На следующий день, я чувствовала себя мамашей на прогулке с дитем. Нет, тем ребенком был естественно не Дюша. Дитятей был Лёня, с совершенно детской непосредственностью, интересующийся всем и вся, что видит. Я старательно прятала лицо, поглубже надевая капюшон, на нас уже подозрительно косились. С утра я сбегала на квартиру к сестре вместе с Дюшой, пока кошак спал. Все-таки оставлять ребенка с чудищем не хотелось. Там мы быстро подобрали ему одежду в соответствии с апрельской погодой. Так что теперь Лёня щеголял в своих сапогах, черных джинсах, толстом темно — синем свитере и ветровке. Вот и топал рядом с вполне приличными нами: мной и Дюшой, этот метр восемьдесят пять с взглядом маньяка. Интерес он проявлял ко всему, честное слово, думала, что при виде машины у него случится инфаркт, но Дюша взял на себя объяснения и втолковал Лёне принцип действия автомобиля. И что думаете, проблем стало меньше? Как бы ни так. Сначала он заартачился на входе в автобус. Еле запихали, ну не пешком же шесть остановок до бабушкиного дома идти? А как на нас пассажиры смотрели вместе с кондуктором!
— А он у вас чего? Больной что-ли? — пробасила кондукторша.
— О, да вы понимаете, он иностранец, приехал к нам лечить редкую болезнь, которая вызывает страх буквально перед всем, — короче я завралась. Вещала я еще минут десять и еще бы продолжала, если бы не Дюша который дернул меня за руку. Только я во вкус вошла; оказывается, для счастья мне все это время не хватало аудитории, столь внимательно, буквально ловя каждое слово, слушающих, еще бы понедельник, одиннадцать, полупустой автобус и пассажиры сплошь бабушки. Недовольно глянула на Дюшу, что такое, последнее время мне и так не везет, так и тут покайфовать не дают. Дюша повел глазами на Лёню. Мда, кто же знал, что эту скотину укачивает. Как я это поняла? Нежно зеленый цвет лица, прикрытые глаза, нервно сжатые в кулаки руки и нервно дергающийся кадык. Жалостливо поплакалась кассирше, что вот бедного даже обычная поездка до дрожи в коленях доводит, страшно ему постоянно.
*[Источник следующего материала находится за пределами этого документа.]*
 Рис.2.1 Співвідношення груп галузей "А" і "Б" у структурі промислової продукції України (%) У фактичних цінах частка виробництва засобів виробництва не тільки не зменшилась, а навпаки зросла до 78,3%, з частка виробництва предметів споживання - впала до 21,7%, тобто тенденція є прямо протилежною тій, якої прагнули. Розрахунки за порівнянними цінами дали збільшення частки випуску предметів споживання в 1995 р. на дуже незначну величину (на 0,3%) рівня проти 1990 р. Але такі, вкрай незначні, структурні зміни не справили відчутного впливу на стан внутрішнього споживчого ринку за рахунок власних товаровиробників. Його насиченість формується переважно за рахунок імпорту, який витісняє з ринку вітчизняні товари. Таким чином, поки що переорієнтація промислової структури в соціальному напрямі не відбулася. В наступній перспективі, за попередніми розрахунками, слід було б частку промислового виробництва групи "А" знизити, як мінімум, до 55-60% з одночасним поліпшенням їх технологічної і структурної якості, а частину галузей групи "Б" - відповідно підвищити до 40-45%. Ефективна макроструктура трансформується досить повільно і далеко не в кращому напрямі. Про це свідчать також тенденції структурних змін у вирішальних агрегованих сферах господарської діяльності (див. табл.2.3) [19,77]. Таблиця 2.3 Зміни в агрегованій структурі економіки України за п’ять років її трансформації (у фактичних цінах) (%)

Ой, чувствую, когда Лёня в себя придет он мне еще это вранье припомнит. А вот кондукторша прониклась, с иностранца денег не взяла, так что мы сэкономили.
— Рэн, а Рэн, а что это вы мне сразу не сообщили, что у вас морская болезнь? Я бы вам таблеточку от укачивания купила. — Хотя, навряд ли, кто их детей Тиагра и Рисы знает, вдруг она на него ненормально подействует?
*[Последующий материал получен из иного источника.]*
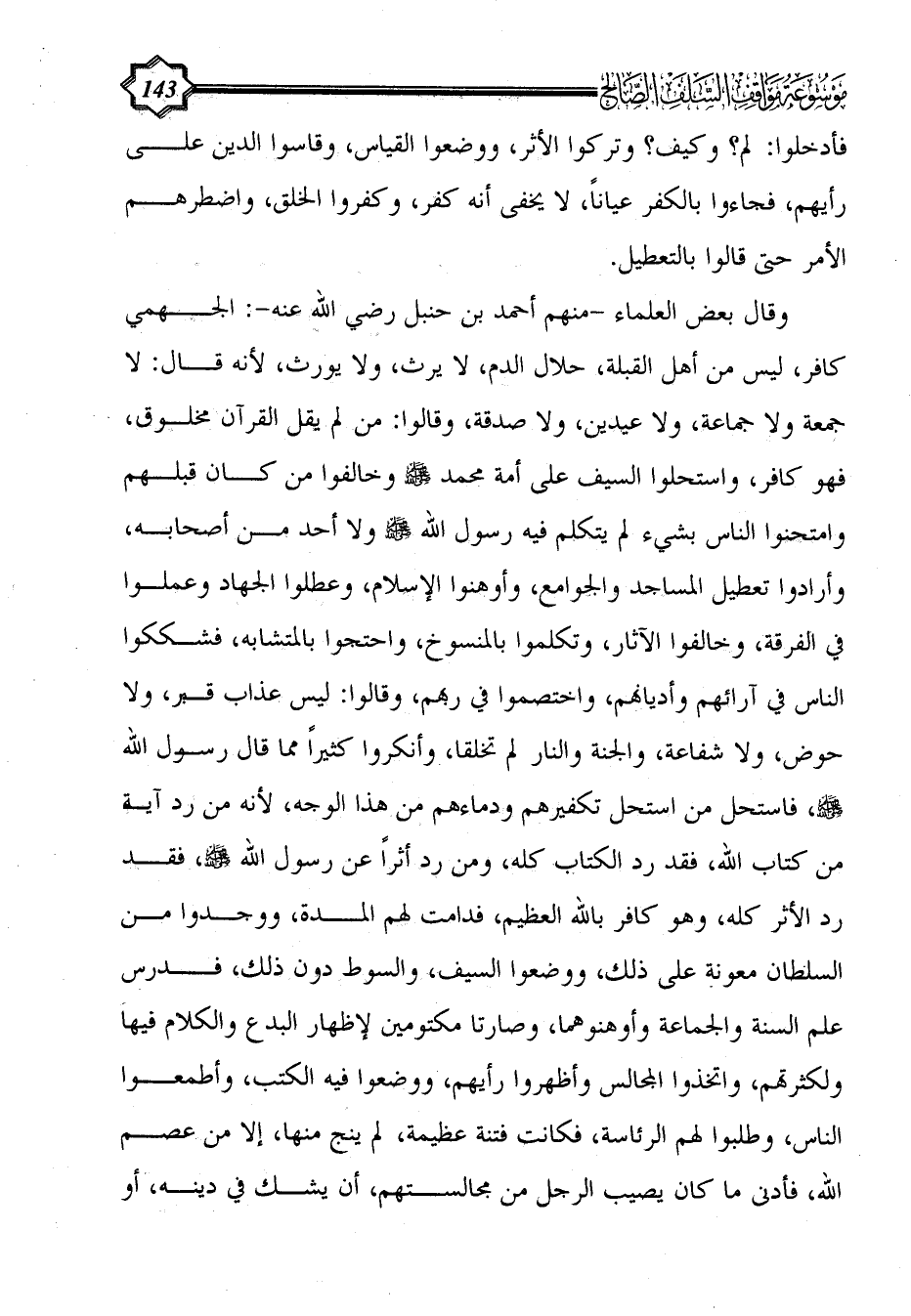 وقال بعض العلماء -منهم أحمد بن حنبل رضي الله عنه-: الجهمي كافر، ليس من أهل القبلة، حلال الدم، لا يرث، ولا يورث، لأنه قال: لا جمعة ولا جماعة، ولا عيدين، ولا صدقة، وقالوا: من لم يقل القرآن مخلوق، فهو كافر، واستحلوا السيف على أمة محمد - صلى الله عليه وسلم - وخالفوا من كان قبلهم وامتحنوا الناس بشيء لم يتكلم فيه رسول الله - صلى الله عليه وسلم - ولا أحد من أصحابه، وأرادوا تعطيل المساجد والجوامع، وأوهنوا الإسلام، وعطلوا الجهاد وعملوا في الفرقة، وخالفوا الآثار، وتكلموا بالمنسوخ، واحتجوا بالمتشابه، فشككوا الناس في آرائهم وأديانهم، واختصموا في ربهم، وقالوا: ليس عذاب قبر، ولا حوض، ولا شفاعة، والجنة والنار لم تخلقا، وأنكروا كثيراً مما قال رسول الله - صلى الله عليه وسلم -، فاستحل من استحل تكفيرهم ودماءهم من هذا الوجه، لأنه من رد آية من كتاب الله، فقد رد الكتاب كله، ومن رد أثراً عن رسول الله - صلى الله عليه وسلم -، فقد رد الأثر كله، وهو كافر بالله العظيم، فدامت لهم المدة، ووجدوا من السلطان معونة على ذلك، ووضعوا السيف، والسوط دون ذلك، فدرس علم السنة والجماعة وأوهنوهما، وصارتا مكتومين لإظهار البدع والكلام فيها ولكثرتهم، واتخذوا المجالس وأظهروا رأيهم، ووضعوا فيه الكتب، وأطمعوا الناس، وطلبوا لهم الرئاسة، فكانت فتنة عظيمة، لم ينج منها، إلا من عصم الله، فأدنى ما كان يصيب الرجل من مجالستهم، أن يشك في دينه، أو

— Откуда мне знать? — простонал Лёня, расползаясь по скамейке, куда мы с Дюшей его еле сгрузили с автобуса. — Я никогда не плавал. Зачем мне? Я же летаю.
— Вот это-то и странно. Я слышала, что у птиц внутренне ухо устойчиво, а тебя что и во время полета мутит? — интересуюсь.
— Слушай, уважаемая как там тебя, не знаю я не про какое ухо, — рявкнул Лёня. Натуральный мужик, чуть плохо стало, сразу раздражительность проявляется. Сейчас еще и плакаться начнет, как ему плохо и какими тяжелыми испытаниями полна его жизнь после встречи со мной.
— В преддверии и полукружных каналах внутреннего уха расположен рецепторный аппарат вестибулярного или статокинетического анализатора. Укачивание обусловлено излишней чувствительностью или чрезмерным раздражением вестибулярного аппарата, отвечающего за равновесие и расположенного внутри черепа во внутреннем ухе, — выдала ходячая энциклопедия. Я посмотрела в бессмысленное лицо Лёни.
— Ты знаешь. Сомневаюсь, что он понял, хоть слово из сказанного тобой.
— Хватит выставлять меня идиотом! Я все прекрасно понимаю, не дурак! — зарычал Лёня.
— Дурак — не дурак, а теперь нам пешком еще топать и топать и все благодаря тебе! По этим дурацким лужам. И если я промочу ноги, то это будет исключительно ваша вина, многоуважаемый Рэн.
— Да я вообще не собирался к вашей бабушке. Что я там забыл? Лучше я прямо сейчас пойду искать Вальте. — Ну, и он утверждает, что не дурак?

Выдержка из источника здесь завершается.